Serious flaws in electronic voting systems

<"NewsScan" <>>
Thu, 24 Jul 2003 09:28:33 -0700

Johns Hopkins University experts say that high-tech voting machine software
from Diebold Election Systems has flaws that would let voters cast extra
votes and allow poll workers to alter ballots secretly. Aviel D. Rubin,
technical director of the Information Security Institute at Johns Hopkins,
led a team that examined the Diebold software, which has about 33,000 voting
machines operating in the United States. Adam Stubblefield, a colleague of
Rubin's, said that "practically anyone in the country -- from a teenager on
up -- could produce these smart cards that could allow someone to vote as
many times as they like." Diebold has not seen the Institute's report and
would not comment on it in detail, but a company spokesman said: "We're
constantly improving it so the technology we have 10 years from now will be
better than what we have today. We're always open to anything that can
improve our systems." Peter G. Neumann, an expert in computer security at
SRI International, said the Diebold code was "just the tip of the iceberg"
of problems with electronic voting systems.
  [*The New York Times, 24 Jul 2003; NewsScan Daily, 24 Jul 2003]
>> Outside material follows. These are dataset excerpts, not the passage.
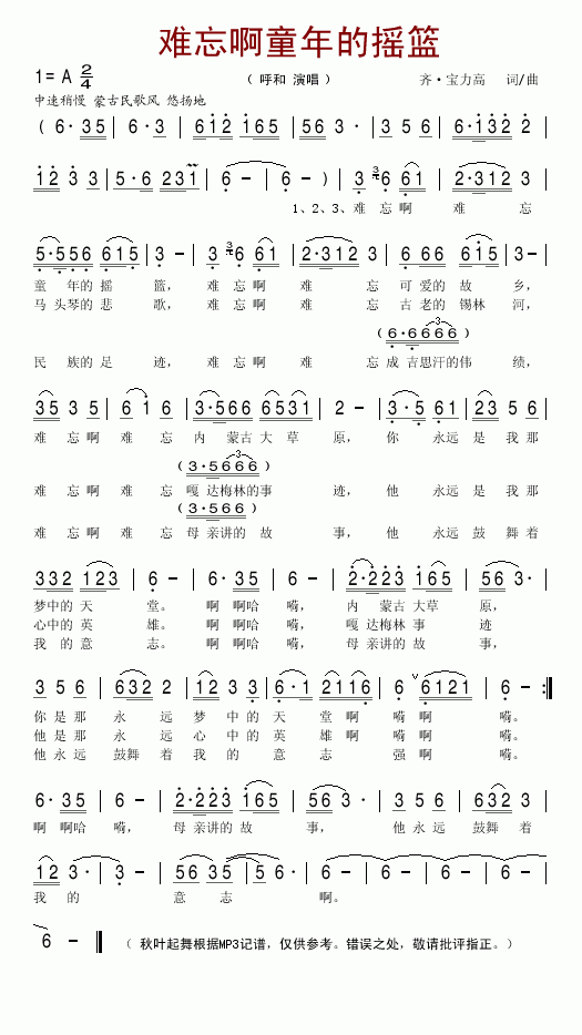 >> 难忘啊童年的摇篮-呼和(简谱)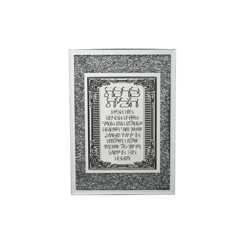 Sa plaque métallique argentée, finement gravée en hébreu, reflète la lumière avec élégance, tandis que le fond en briques blanches évoque la pureté et la stabilité du foyer. Chaque détail de ce cadre a été pensé pour unir esthétique et spiritualité.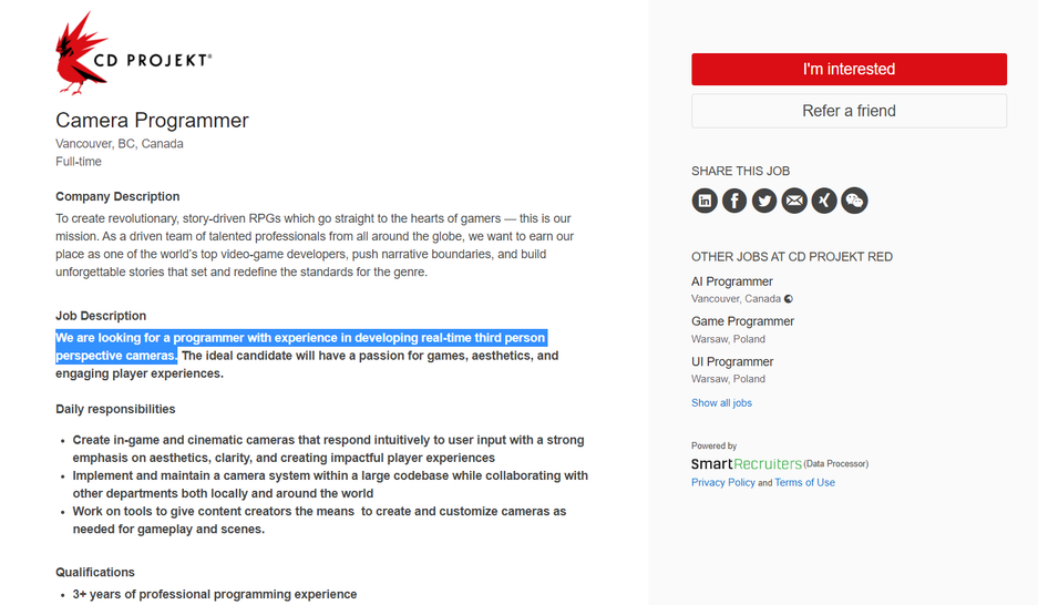 Пользователи обратили внимание, что CD Projekt потребовались новые специалисты. В частности, им необходим программист с опытом работы (с камерой) над проектами, в которых действие происходит в реальном времени и с видом от третьего лица.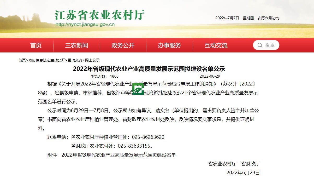据省农业农村厅、省林业局、省发展改革委、省财政厅、省科技厅、省自然资源厅、省生态环境厅、省水利厅联合印发的《江苏省特色农产品优势区建设三年计划》及2022年申报认定工作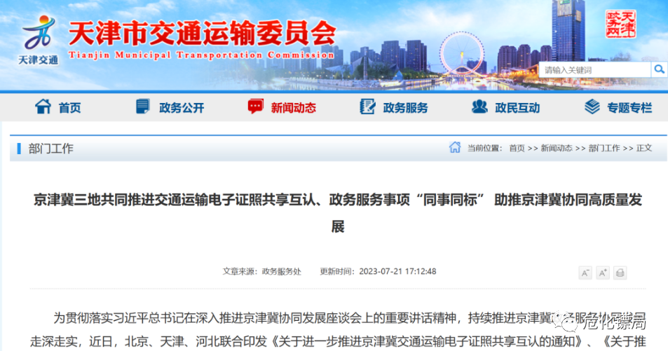 三地互認日前,北京市、天津市、河北省聯(lián)合印發(fā)《關于進一步推進京津冀交通運輸電子證照共享互認的通知》《關于推出京津冀交通運輸領域首批“同事同標”事項的通知》。目前,經(jīng)三地核發(fā)的五大類電子證照已實現(xiàn)三地互認:1、道路運輸經(jīng)營許可證2、道路運輸證3、道路運輸從業(yè)人員從業(yè)資格證4、道路危險貨物運輸許可證5、放射性物品道路運輸許可證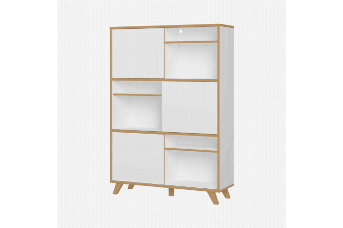 Met deze Scandinavische kantoorkast haal je een echte eyecatcher in huis! De schuifpanelen kun je naar links of rechts schuiven en zo een speels effect creëren. De kast is afgewerkt met een sterke melamine en is voorzien van ABS-kantafwerking waardoor deze tegen een stootje kan! Deze serie meubelen is van Duitse kwaliteit en heeft daarmee een lange levensduur. Eenvoudig te monteren met behulp van een duidelijke montagehandleiding. Leuk te combineren met de andere items uit deze serie!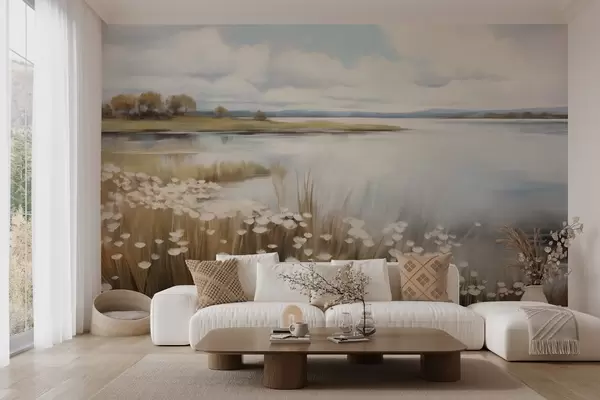 Papier peint Paysage texturé, champ de fleurs blanches et d'herbes hautes, lac en arrière-plan, colline herbeuse avec des arbres, couleurs douces N° w09530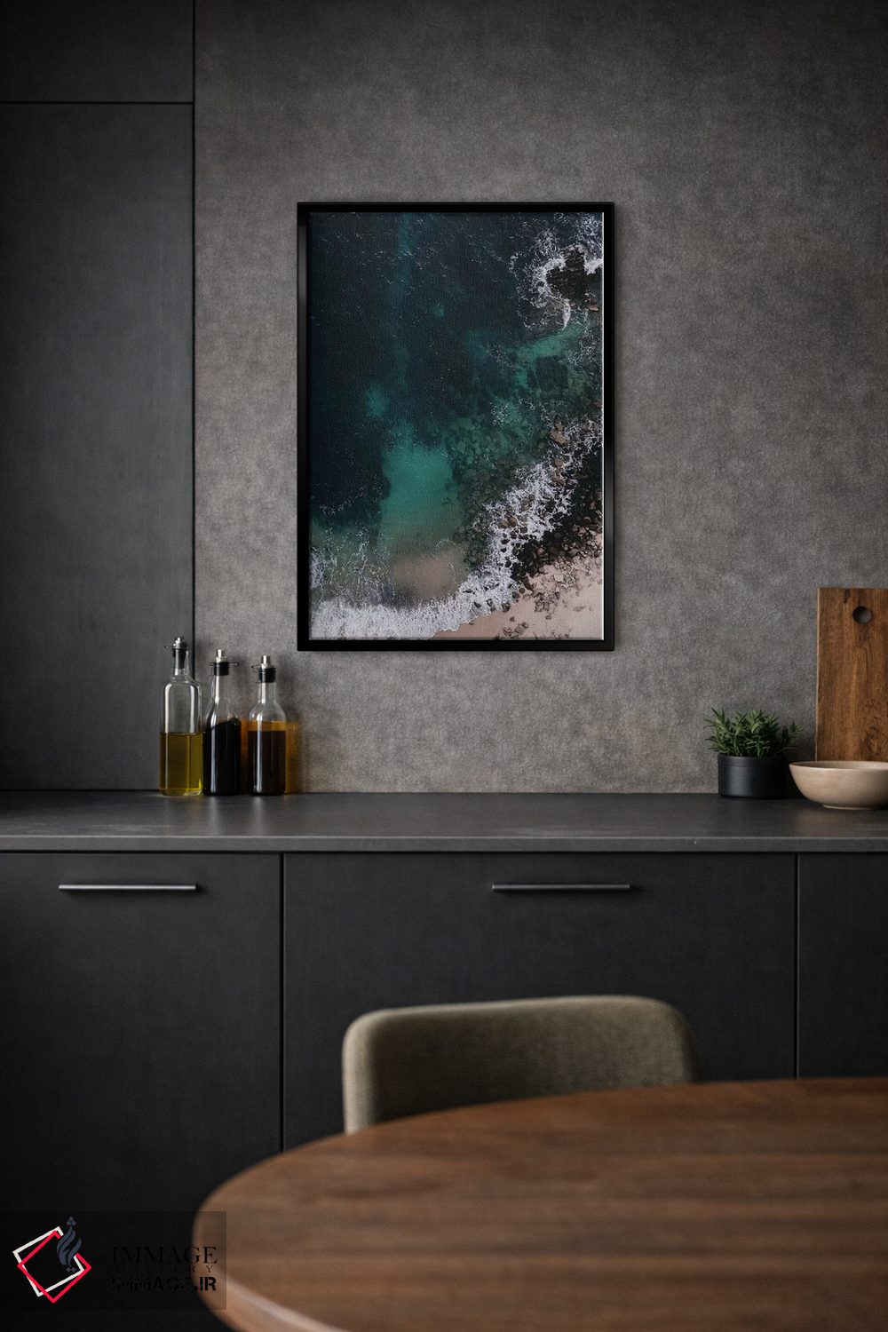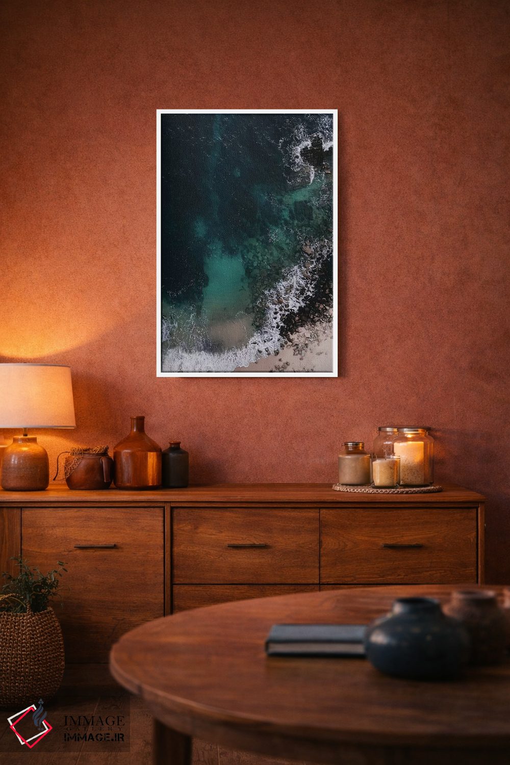 براساس پالت ترکیبی اثر، قاب تیک گرم (چوبی) پیشنهاد اول است و مشکی مات (فریم متوسط) مکمل. برای سفارشهای پروژهای با ابعاد و قابهای اختصاصی با ایماژ در تماس باشید.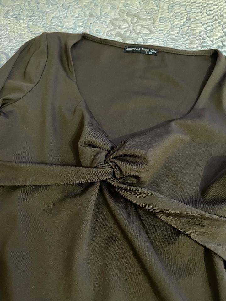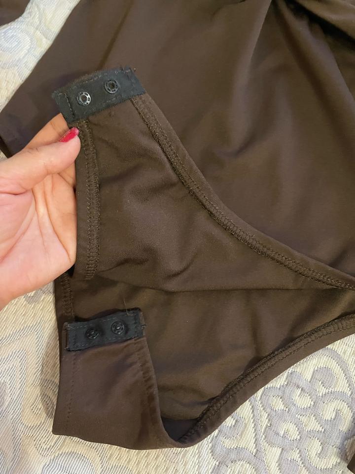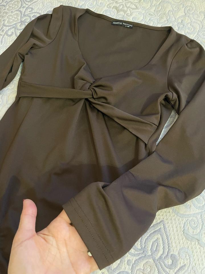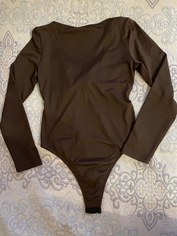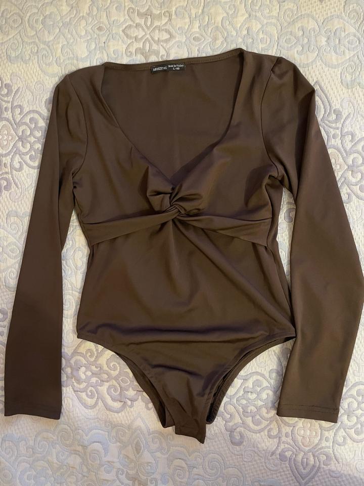 Боди красивого шоколадного цвета. Незаменимая вещь в гардеробе женщины, универсальная база для любой капсулы. Можно сочетать с разными юбками, брюками, джинсами, жакетом, пиджаком. Указан размер L, но маломерит и идеально подходит на размеры S / M. Артикул: 530551

South Africa bank Internet spyware and fraud

<"Dr. Heinz M. Kabutz" <>>
Mon, 21 Jul 2003 08:42:44 +0200

ABSA, the leading bank in South Africa has very weak Internet security.  All
you have to know is someone's bank account number and their pin, and you can
set up beneficiaries, pay money over, to your heart's content.  There is no
TAN like in German banks.  This story is not surprising at all, what is
surprising is that it took so many years for this to happen on such a big

Here is the story according to the Sunday Times.  Simple spyware was
installed on victim's computers and the account numbers and PIN sent back to
the perpetrator.  This allowed the thief to steal approximately R500,000
(about US$ 65000) from various victims.

The bank responded with the usual tips:,1551,424,00.html

These were the funniest:

* Make sure that the software that is loaded onto your PC via a third party
is licensed. (How would that make a difference?)

* Update your operating system and browser with the latest Microsoft patches
to protect your PC from exploitation. These can be downloaded from the
Microsoft website (Assuming of course that everyone
in South Africa uses Microsoft - oh, all the victims used Microsoft!)

I am fairly confident that the police will catch the thief.  You cannot
transfer money out of the country from South Africa without special
clearance, so at least we did not have the problem with money ending up in
some country that would not cooperate.

He will probably be given a death sentence.  (Not directly, but a visit to
our jails is akin to a death sentence through HIV infection :-(

Dr. Heinz M. Kabutz (Maximum Solutions), Author of "The Java(tm)
Specialists' Newsletter"  +27 (83)340-5633

Stealing passwords from Kinko's

<"John F. Whitehead" <>>
Sat, 26 Jul 2003 12:41:31 -0700

For two years a man stole passwords from customers in New York City Kinko's
copy/printing/office services stores, and used the information to try to
access and open bank accounts:

  "In pleading guilty to computer damage, [Juju] Jiang admitted that,
  between February 14, 2001, and December 20, 2002, without the permission
  of Kinko's Inc., he installed special keylogging software on computer
  terminals located at Kinko's stores throughout Manhattan to
  surreptitiously record keystroking activity on those computers, and
  collect computer usernames and passwords of Kinko's customers.

Jiang also admitted that he then used the confidential information he
obtained to access, or attempt to access, bank accounts belonging to other
persons, and fraudulently open on-line bank accounts.

Jiang also pled guilty to similar fraudulent conduct that he continued to
commit while on bail after his arrest on December 20, 2002."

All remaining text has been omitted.